Plaintiff, Liberty Mutual Insurance Company ("Liberty Mutual"), seeks summary judgment against defendant Selective Insurance Co. ("Selective"), which opposes the motion and seeks summary judgment in its favor on the same issue by way of cross-motion.
After a motor vehicle accident between insureds of Liberty Mutual and Selective, Liberty Mutual paid personal injury protection benefits ("PIP") to its insured. The full amount of the tortfeasor's underlying primary coverage having been exhausted, Liberty Mutual now seeks reimbursement from Selective, the excess carrier of the tortfeasor. This relief is invoked under N.J.S.A. 39:6A-9.1, which provides for reimbursement of those expenses on a direct insurer-to-insurer basis. The question presented is whether an "insurer" liable under that statute includes the wrongdoer's excess carrier if its primary coverage has been exhausted. This opinion decides that the excess carrier is liable as an "insurer." No other reported case has decided this issue, although one unreported recent Law Division decision reached a contrary result.
On August 3, 1987, Charles R. Self was travelling west on Warwick Turnpike in West Milford, New Jersey, when an eastbound dump truck operated by Thomas E. Thoenil crossed into the westbound lanes and collided with Self's vehicle, resulting in Self's death.

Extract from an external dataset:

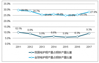 國內外電爐鋼(電弧爐和感應爐)產量占煉鋼總量比重對比

An automobile insurance policy was issued to Self by Liberty Mutual. The dump truck's owner was Harry A. Kimbell & Son, Inc., which had primary automobile liability coverage through a policy issued by American Reliance Insurance Company and excess coverage under a policy issued by Selective.
The tortfeasor was not required to maintain PIP coverage on its dump truck. In accordance with recognized procedures under N.J.S.A. 39:6A-9.1, therefore, Liberty Mutual filed a claim for reimbursement of its insured's PIP expenses against American Reliance in intercompany arbitration. On June 1, 1990, an arbitration award of $10,590.00 was entered in favor of Liberty Mutual on that claim. American Reliance informed Liberty Mutual, however, that it had already paid out its liability limit of $1,000,000.00 under its primary policy and therefore refused to pay the PIP expenses. Liberty Mutual then sought payment from the tortfeasor's excess carrier, Selective, but Selective refused to make payment, asserting that as the issuer of an excess policy it was not obligated to reimburse Liberty.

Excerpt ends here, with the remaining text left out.